The Nelson Mandela Children's Fund has allegedly been defrauded. (Reuters)

The Nelson Mandela Children's Fund has allegedly been defrauded. (Reuters)

A mysterious bank account allegedly belonging to the Nelson Mandela Children's Fund has now become the focus of a high-level financial investigation by the Hawks, the Mail & Guardian learnt this week.

The discovery of the secret bank account by the police comes just three weeks after the Hawks – officially known as the directorate for priority crimes investigation – launched a massive financial probe into how former president Nelson Mandela's money was misappropriated.

The M&G reported two weeks ago ("Raid on Mandela charities blocked")that the Nelson Mandela Foundation, the Nelson Mandela Children's Fund and the Nelson Mandela Trust have received letters from the Hawks demanding the charities' financial records, including bank statements of family members, trustees and employees.

It has since emerged that the Hawks have now set their sights on the secret bank account that was opened at Nedbank five years ago by the children's fund.

Hawks sources told the M&G this week that they suspected that the bank account might have been used for fraudulent activities. It is still unclear at the moment who actually opened the bank account and for what purpose, according to the sources.

Sibongile Mkhabela, the chief executive of the fund, refused to answer M&G questions about the existence of a second bank account with Nedbank.

Mkhabela, through her spokesperson Oupa Ngwenya, said the only account the Nelson Mandela Children's Fund had opened with Nedbank was public knowledge and accounted for in the fund's annual report for the year 2012-13.

"On the probe to charities, please be informed that the Nelson Mandela Children's Fund has nothing more to add other than responses already given in the previous enquiry [by the M&G]," said Ngwenya.

However, the existence of a secret bank account was pointed out earlier this year by auditing firm PwC in a risk report when it audited the financial status of the Nelson Mandela Children's Fund.
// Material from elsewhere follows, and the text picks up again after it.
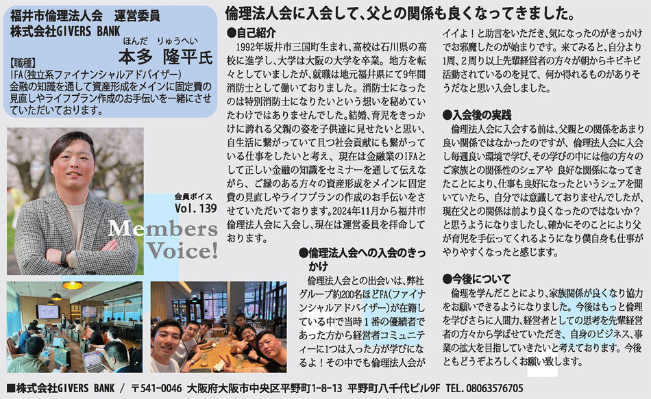 vol.141 純粋倫理の実践を通して会社経営者 家庭人として成長していきたい!

"During the current financial year [covering 2012-13], a previously unidentified bank account was discovered," according to the report prepared for the fund. "It is unknown as to who opened this account and when [it was] opened … This poses the risk that there may be more bank accounts in the name of the Fund that no one is aware of."

Yet, the discovery of the bank account by PwC was not reported in the fund's annual report for the financial year 2012-13.
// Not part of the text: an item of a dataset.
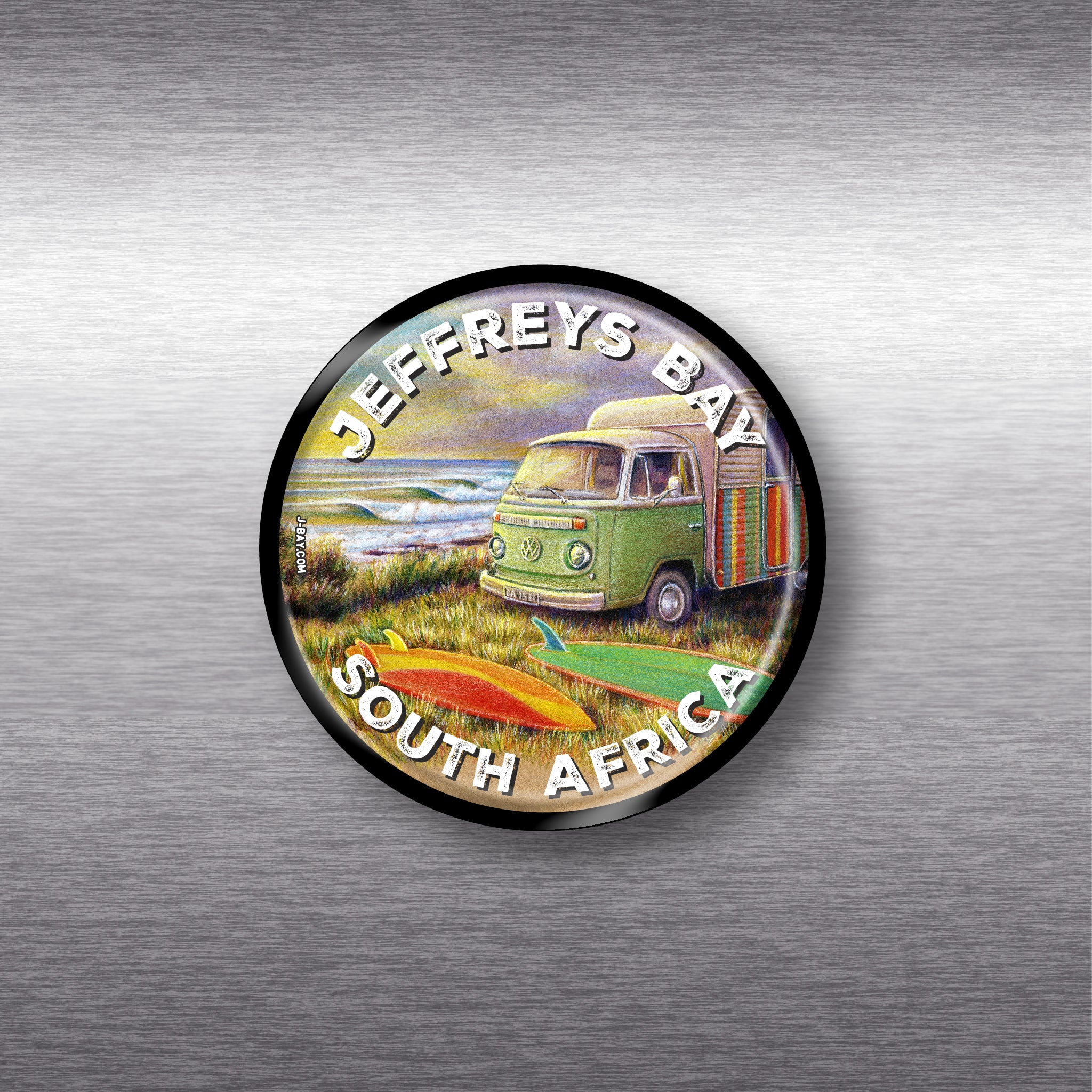Featuring an iconic Autovilla camper illustration by Yvonne Robinson, this 5cm magnet features a 3mm Supawood base with a non-fade art print topped with high gloss resin and strong magnet on the rear. Made by hand near here in J-Bay, this funky fridge magnet will bring a great surf vibe to your fridge.

Approached for comment, PwC spokesperson Sanchia Temkin said: "We cannot answer the questions due to client confidentiality based on our profession's code of conduct."
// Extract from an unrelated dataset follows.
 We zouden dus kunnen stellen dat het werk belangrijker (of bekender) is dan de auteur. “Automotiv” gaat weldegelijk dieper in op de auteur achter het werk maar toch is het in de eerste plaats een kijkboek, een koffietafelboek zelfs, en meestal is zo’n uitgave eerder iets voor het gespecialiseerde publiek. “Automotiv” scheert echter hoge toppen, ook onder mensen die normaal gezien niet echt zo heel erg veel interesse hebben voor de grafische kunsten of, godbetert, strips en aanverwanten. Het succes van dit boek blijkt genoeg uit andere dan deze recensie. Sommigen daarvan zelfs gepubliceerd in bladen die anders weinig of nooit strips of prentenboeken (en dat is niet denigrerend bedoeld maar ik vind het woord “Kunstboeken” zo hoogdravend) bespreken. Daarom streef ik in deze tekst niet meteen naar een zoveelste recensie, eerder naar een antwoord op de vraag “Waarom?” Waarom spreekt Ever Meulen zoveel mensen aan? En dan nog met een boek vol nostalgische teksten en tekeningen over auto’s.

Hawks spokesperson Captain Paul Ramaloko was only prepared to say that the police were following a number of leads in their investigation into allegations that an estimated R15-million has been misappropriated from Mandela's charities.

"All I am prepared to say is that we are conducting a broad investigation," he said.

"We don't want to comment [about the secret bank account] at this stage for fear of compromising the investigation.

"It is common knowledge that Mr Mandela is a public figure and well respected internationally so we will leave no stone unturned in this investigation."

Nedbank's spokesperson Maseda Ratshikuni declined to confirm or deny the existence of a secret bank account opened by the children's fund five years ago.

"We can confirm that the Nelson Mandela Children's Fund is a Nedbank account holder and a partner through the Nedbank Children's Affinities programme," said Ratshikuni. "According to our records, the fund complies with applicable banking regulations. We are bound to client confidentiality and the Protection of Personal Information Bill. Therefore, we can only disclose client information to the designated client and/or law enforcement officials ... As an authorised financial services provider, Nedbank Ltd subscribes to the banking code of conduct and has zero tolerance for noncompliance for all policies and procedures in line with regulatory and statutory requirements."

The broader financial investigation into the misappropriation of Mandela's funds is part of the criminal charges of fraud, forgery and uttering laid by the former president against his former lawyer and once-trusted friend Ismail Ayob, Ayob's late wife Zamila, and his partner Ross Calder.

The criminal probe into Mandela's missing millions is expected to reveal how Ayob's company Magnifique entered into a deal with the advertising company Concept (owned by Calder) to sell prints of Mandela's artwork, mainly in the United States, for about R50 000 each in a project called Touch Mandela.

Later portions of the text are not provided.